### Brief
Any images in the records should be skipped; transcribe the rest exactly.

### Source data
-.-.-

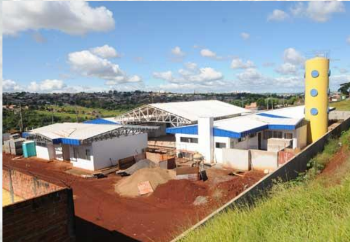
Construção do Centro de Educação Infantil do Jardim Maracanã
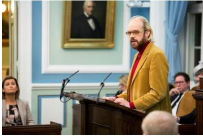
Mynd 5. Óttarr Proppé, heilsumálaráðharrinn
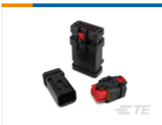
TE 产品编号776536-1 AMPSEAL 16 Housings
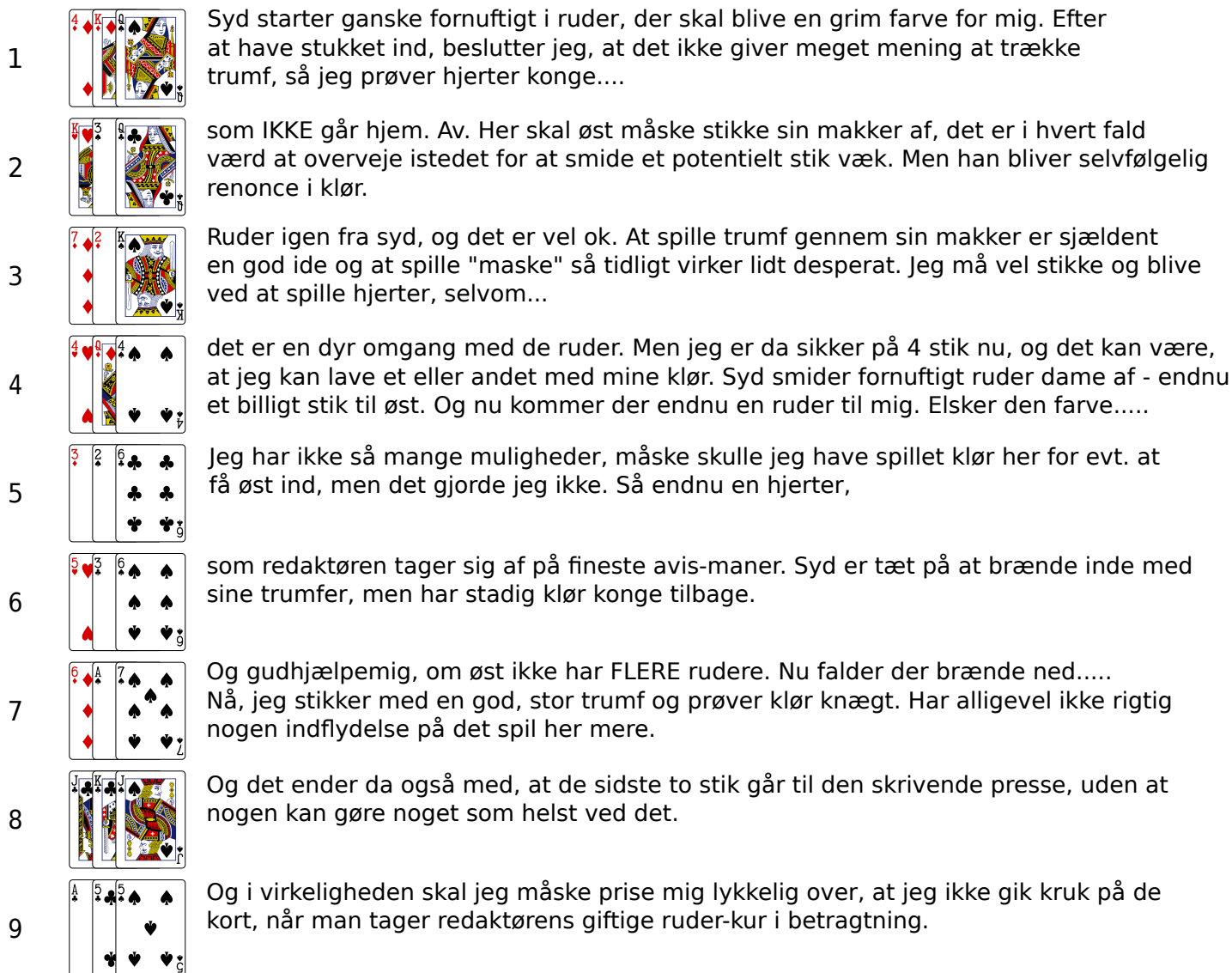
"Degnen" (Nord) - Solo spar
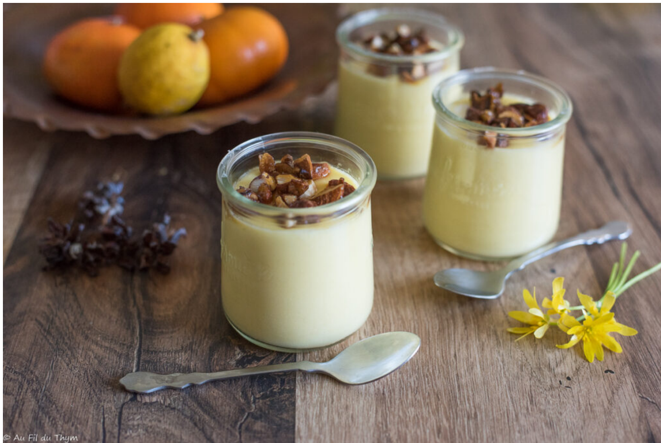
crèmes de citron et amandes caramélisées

-.-.-

### Solution to this problem
Construção do Centro de Educação Infantil do Jardim Maracanã
Mynd 5. Óttarr Proppé, heilsumálaráðharrinn
TE 产品编号776536-1 AMPSEAL 16 Housings
"Degnen" (Nord) - Solo spar
crèmes de citron et amandes caramélisées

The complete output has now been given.